DT 28 lipca

Bracia i siostry, podsumowanie 28 lipca.

Złe wieści:

1. Jednak „putinowska zaraza” to bardzo niebezpieczna choroba. Mam wrażenie, że szef MSZ FR S. Ławrow jest gdzieś w przedostatnim stadium.

Trudno powiedzieć czy rozpoznaje jeszcze swoją żonę i czy może samodzielnie załatwiać sprawy w wychodku, niemniej jednak jest święcie przekonany, że wszystkie wydarzenia na Ukrainie skierowane są przeciwko Rosji. Ławrow dzisiaj oświadczył, na przykład, że ukraiński Majdan jest „projektem geopolitycznym przeciwko Rosji”.

Rozumiem, że wolny od łgania czas pan Ławrow spędza na przetrząsaniu szaf i zaglądaniu pod tapczany w poszukiwaniu banderowców i agentów CIA.

Nie sądzę, aby można mu było jeszcze pomóc.
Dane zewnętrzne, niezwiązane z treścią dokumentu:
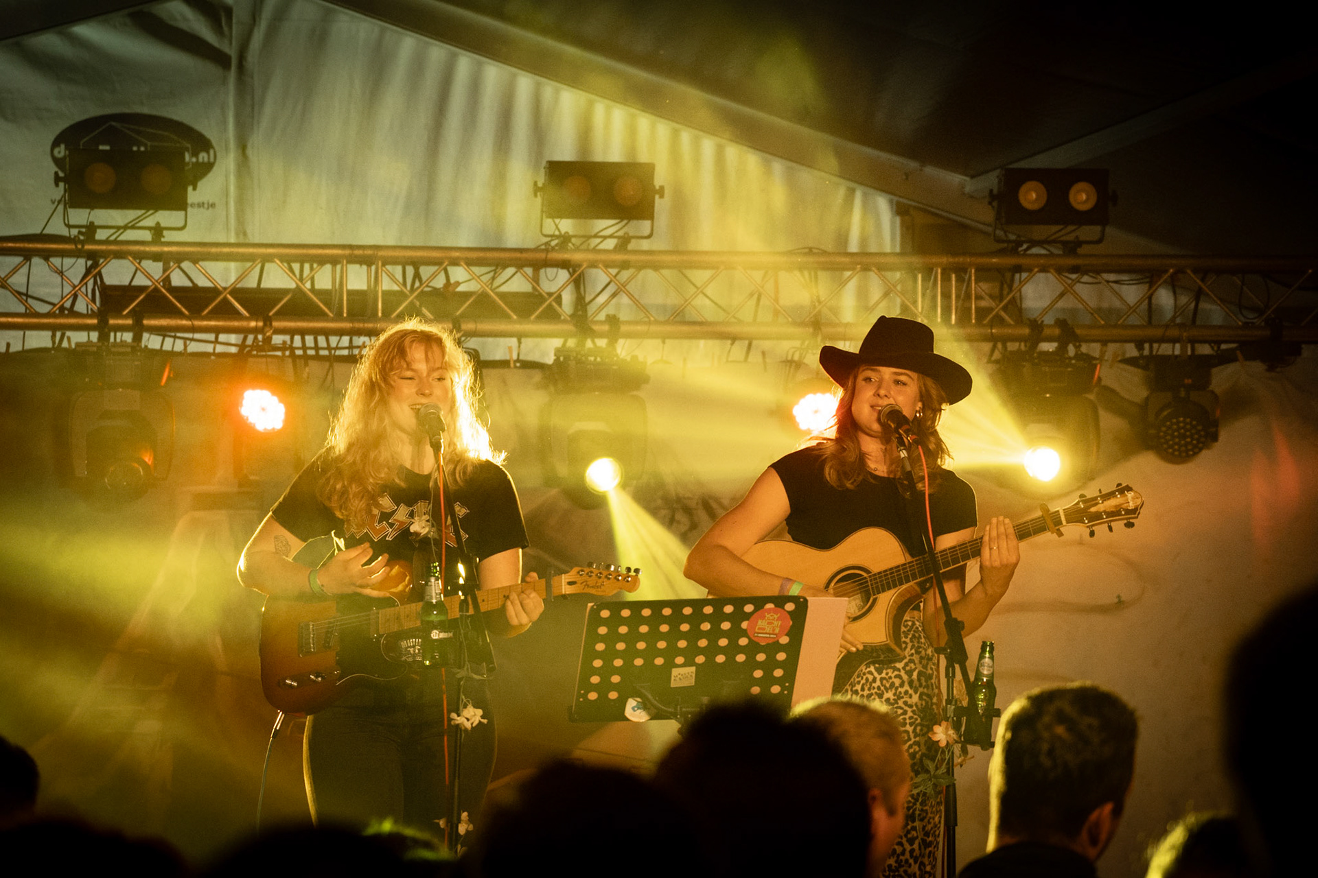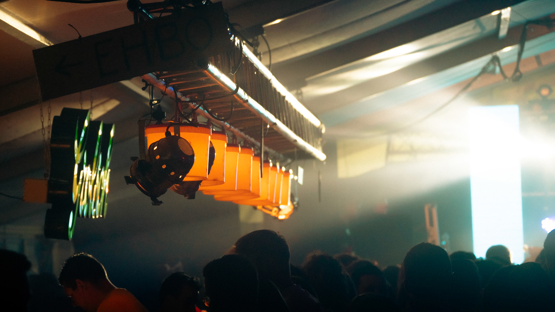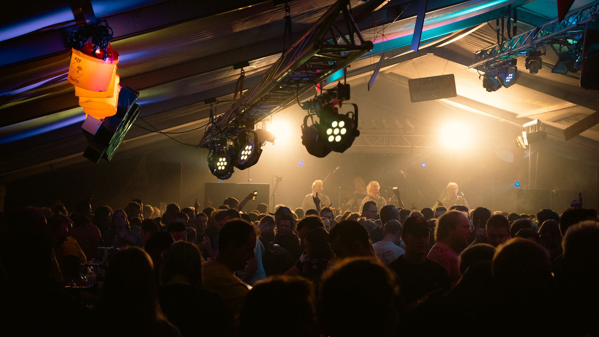 Onder de gekleurde lampen
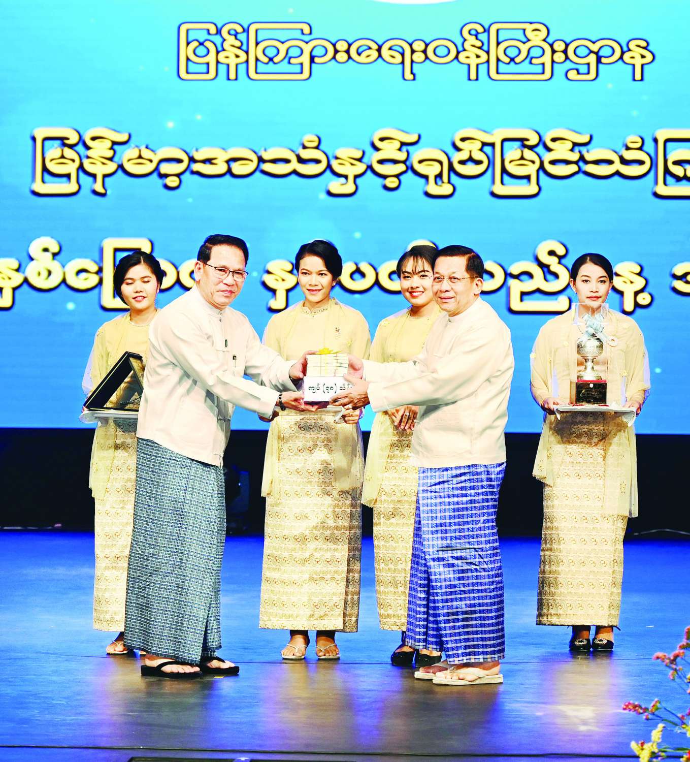ထို့နောက် နိုင်ငံတော်စီမံအုပ်ချုပ်ရေးကောင်စီဥက္ကဋ္ဌ နိုင်ငံတော်ဝန်ကြီးချုပ်က နိုင်ငံတော်အဆင့် အခမ်းအနားကြီးများကျင်းပခဲ့မှုတွင် မြန်မာ့အသံနှင့်ရုပ်မြင်သံကြားမှဝန်ထမ်းများက ကဏ္ဍစုံလင်စွာ ပါဝင်ဆောင်ရွက်နိုင်ခဲ့သည့်အတွက် ဂုဏ်ပြုဆုနှင့် မြန်မာ့အသံနှင့် ရုပ်မြင်သံကြားအတွက် ဂုဏ်ပြုချီးမြှင့်ငွေများကို ချီးမြှင့်ပေးအပ်ရာ ပြန်ကြားရေးဝန်ကြီးဌာန ပြည်ထောင်စုဝန်ကြီးက လက်ခံရယူသည်။
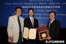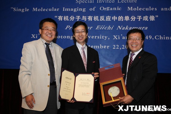 受聘仪式后,中村荣一教授为我校师生作了题为“Single Molecular Imaging of Organic Molecules and Reactions”(有机分子与有机反应中的单分子成像)的学术报告。随后,郑南宁校长也会见了中村荣一教授,并就我校与东京大学之间进一步强化多学科的学术交流及合作等方面广泛地交换了意见。

Pozostaje tylko uprzedzić dyplomatów z innych państw, aby byli ostrożniejsi z Ławrowem na wszelkich spotkaniach międzynarodowych. Cholera go wie, jak ta zaraza się rozprzestrzenia.

2. W batalionie „Ajdar” oświadczono dzisiaj, że w ciągu minionej doby batalion poniósł poważne straty. Wczoraj zginęło 4 pograniczników wskutek ostrzałów artyleryjskich z terytorium Rosji. Giną wojskowi Sił Zbrojnych Ukrainy i Gwardii Narodowej.

Ci chłopcy wykonali swój obowiązek do końca. Oswobodzona ziemia Donbasu powinna wiecznie pamiętać, że została zroszona krwią patriotów. Pamięć o Bohaterach będzie trwała wiecznie.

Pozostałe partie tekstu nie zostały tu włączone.